*RECORDS SUPPLIED*
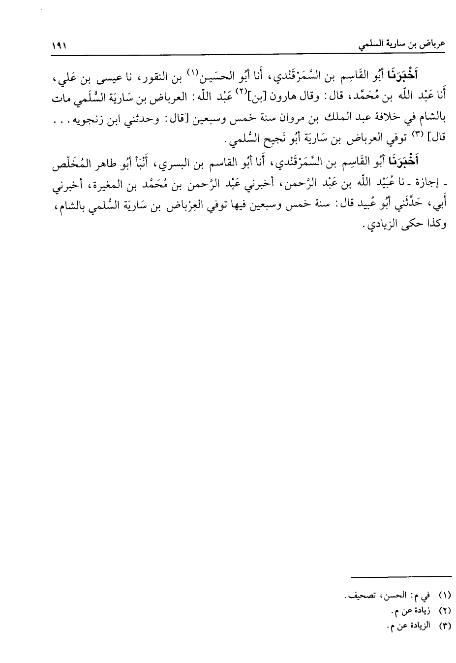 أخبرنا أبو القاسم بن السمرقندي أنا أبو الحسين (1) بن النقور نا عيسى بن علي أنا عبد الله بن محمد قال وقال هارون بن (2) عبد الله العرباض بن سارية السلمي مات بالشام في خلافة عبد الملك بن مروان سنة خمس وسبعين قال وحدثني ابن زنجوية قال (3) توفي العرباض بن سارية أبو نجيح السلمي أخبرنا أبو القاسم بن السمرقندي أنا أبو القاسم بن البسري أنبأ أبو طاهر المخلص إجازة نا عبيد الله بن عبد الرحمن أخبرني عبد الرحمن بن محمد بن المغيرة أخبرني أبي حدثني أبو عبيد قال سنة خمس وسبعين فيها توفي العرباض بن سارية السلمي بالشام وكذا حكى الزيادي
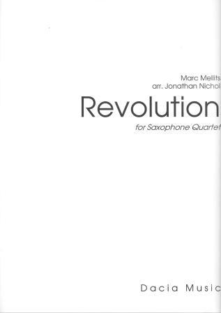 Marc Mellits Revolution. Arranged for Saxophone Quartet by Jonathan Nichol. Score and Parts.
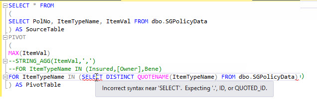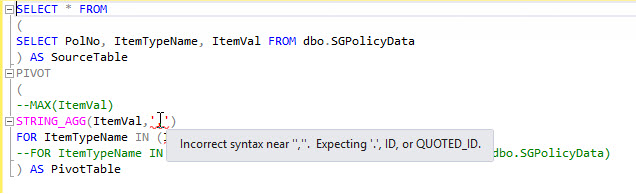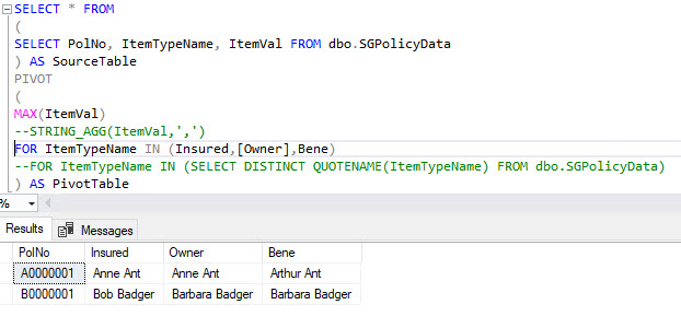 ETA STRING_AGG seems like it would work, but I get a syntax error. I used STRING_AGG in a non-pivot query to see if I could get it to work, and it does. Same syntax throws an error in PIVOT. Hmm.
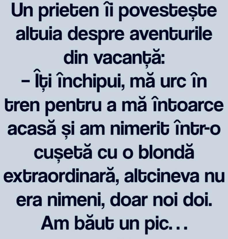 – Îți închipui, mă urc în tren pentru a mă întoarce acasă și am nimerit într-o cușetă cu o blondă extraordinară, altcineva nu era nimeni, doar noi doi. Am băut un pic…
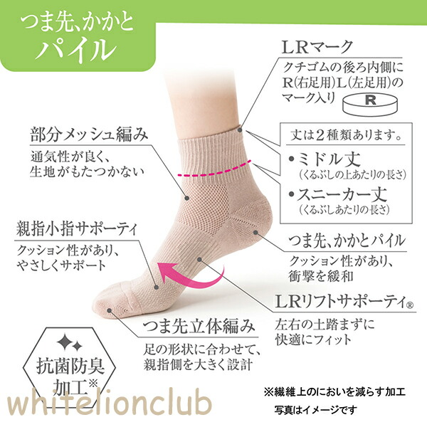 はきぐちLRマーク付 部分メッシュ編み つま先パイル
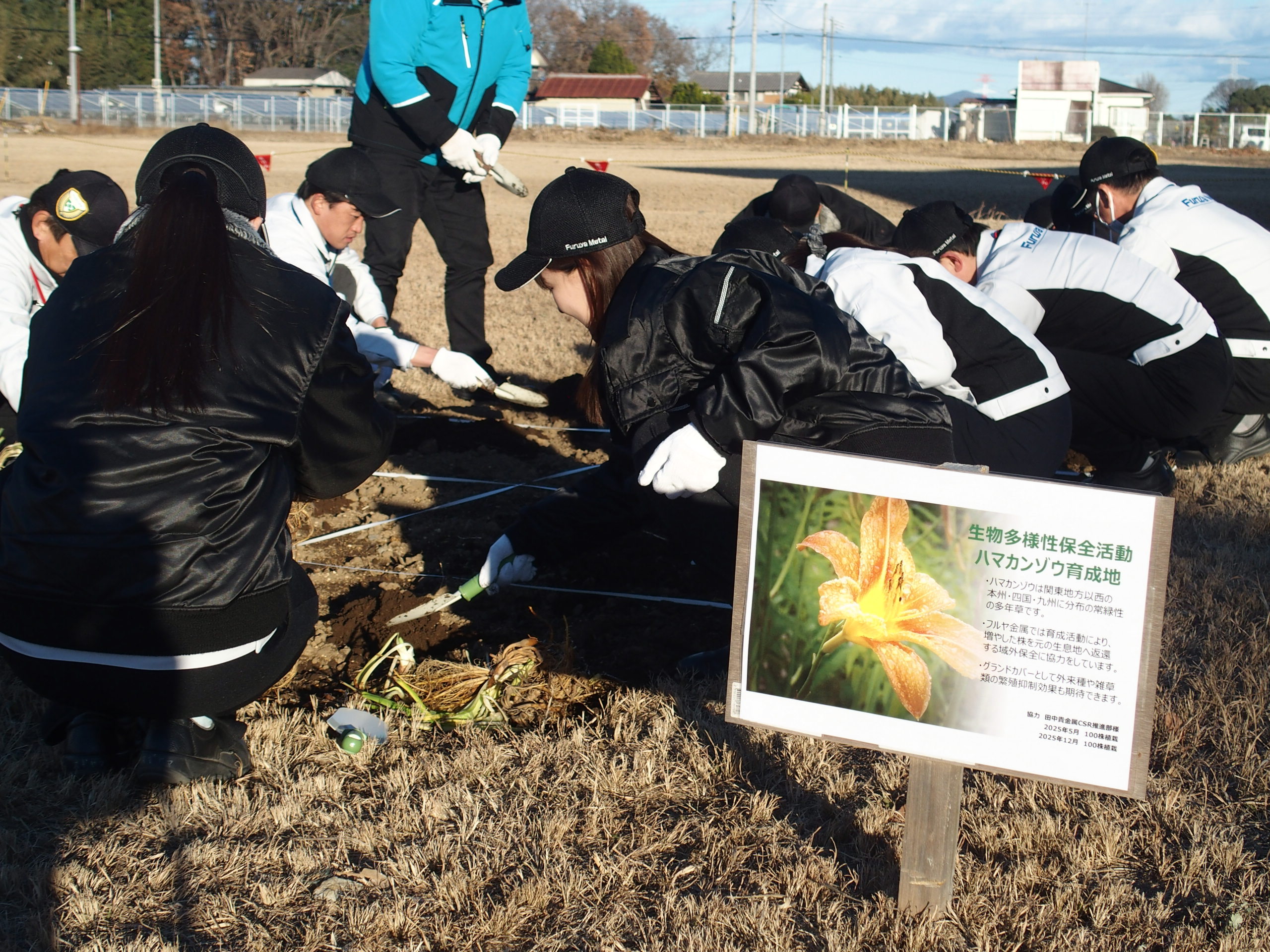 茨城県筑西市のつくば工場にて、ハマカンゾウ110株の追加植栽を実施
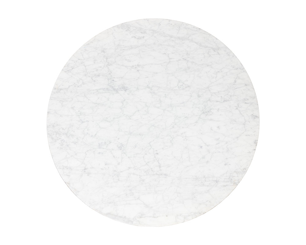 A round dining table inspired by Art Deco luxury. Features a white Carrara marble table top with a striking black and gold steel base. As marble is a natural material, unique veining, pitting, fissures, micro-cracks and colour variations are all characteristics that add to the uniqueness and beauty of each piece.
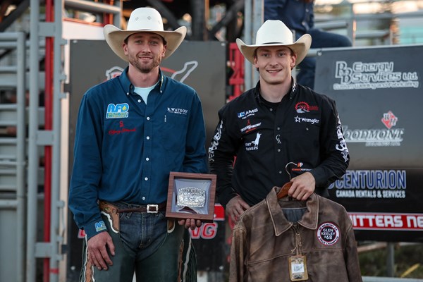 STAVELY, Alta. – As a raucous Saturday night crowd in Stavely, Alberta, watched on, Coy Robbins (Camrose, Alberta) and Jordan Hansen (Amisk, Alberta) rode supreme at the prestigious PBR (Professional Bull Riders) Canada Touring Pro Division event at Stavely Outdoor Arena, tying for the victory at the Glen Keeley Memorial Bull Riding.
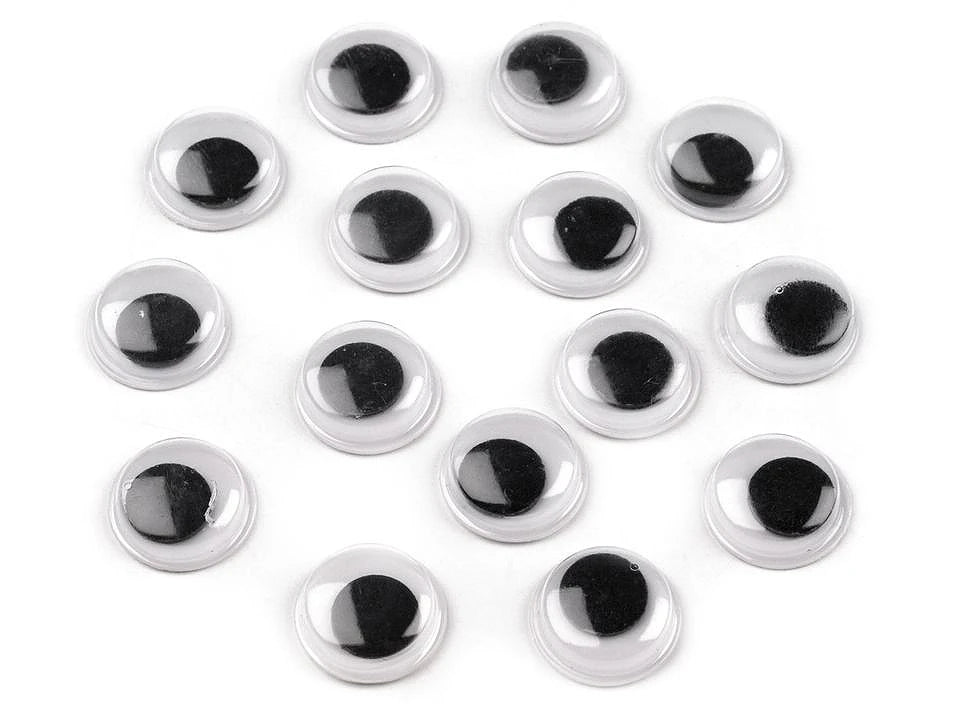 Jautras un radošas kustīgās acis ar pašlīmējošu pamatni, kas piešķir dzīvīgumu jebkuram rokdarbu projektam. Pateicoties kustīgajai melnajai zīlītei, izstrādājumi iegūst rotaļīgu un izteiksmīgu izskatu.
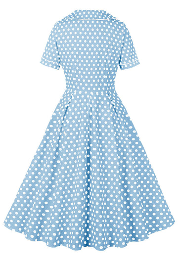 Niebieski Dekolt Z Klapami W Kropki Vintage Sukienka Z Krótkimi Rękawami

*TASK TO CARRY OUT*
Output the data exactly, pictures omitted.

*WRITTEN ANSWER*
 أخبرنا أبو القاسم بن السمرقندي أنا أبو الحسين (1) بن النقور نا عيسى بن علي أنا عبد الله بن محمد قال وقال هارون بن (2) عبد الله العرباض بن سارية السلمي مات بالشام في خلافة عبد الملك بن مروان سنة خمس وسبعين قال وحدثني ابن زنجوية قال (3) توفي العرباض بن سارية أبو نجيح السلمي أخبرنا أبو القاسم بن السمرقندي أنا أبو القاسم بن البسري أنبأ أبو طاهر المخلص إجازة نا عبيد الله بن عبد الرحمن أخبرني عبد الرحمن بن محمد بن المغيرة أخبرني أبي حدثني أبو عبيد قال سنة خمس وسبعين فيها توفي العرباض بن سارية السلمي بالشام وكذا حكى الزيادي
 Marc Mellits Revolution. Arranged for Saxophone Quartet by Jonathan Nichol. Score and Parts.
 ETA STRING_AGG seems like it would work, but I get a syntax error. I used STRING_AGG in a non-pivot query to see if I could get it to work, and it does. Same syntax throws an error in PIVOT. Hmm.
 – Îți închipui, mă urc în tren pentru a mă întoarce acasă și am nimerit într-o cușetă cu o blondă extraordinară, altcineva nu era nimeni, doar noi doi. Am băut un pic…
 はきぐちLRマーク付 部分メッシュ編み つま先パイル
 茨城県筑西市のつくば工場にて、ハマカンゾウ110株の追加植栽を実施
 A round dining table inspired by Art Deco luxury. Features a white Carrara marble table top with a striking black and gold steel base. As marble is a natural material, unique veining, pitting, fissures, micro-cracks and colour variations are all characteristics that add to the uniqueness and beauty of each piece.
 STAVELY, Alta. – As a raucous Saturday night crowd in Stavely, Alberta, watched on, Coy Robbins (Camrose, Alberta) and Jordan Hansen (Amisk, Alberta) rode supreme at the prestigious PBR (Professional Bull Riders) Canada Touring Pro Division event at Stavely Outdoor Arena, tying for the victory at the Glen Keeley Memorial Bull Riding.
 Jautras un radošas kustīgās acis ar pašlīmējošu pamatni, kas piešķir dzīvīgumu jebkuram rokdarbu projektam. Pateicoties kustīgajai melnajai zīlītei, izstrādājumi iegūst rotaļīgu un izteiksmīgu izskatu.
 Niebieski Dekolt Z Klapami W Kropki Vintage Sukienka Z Krótkimi Rękawami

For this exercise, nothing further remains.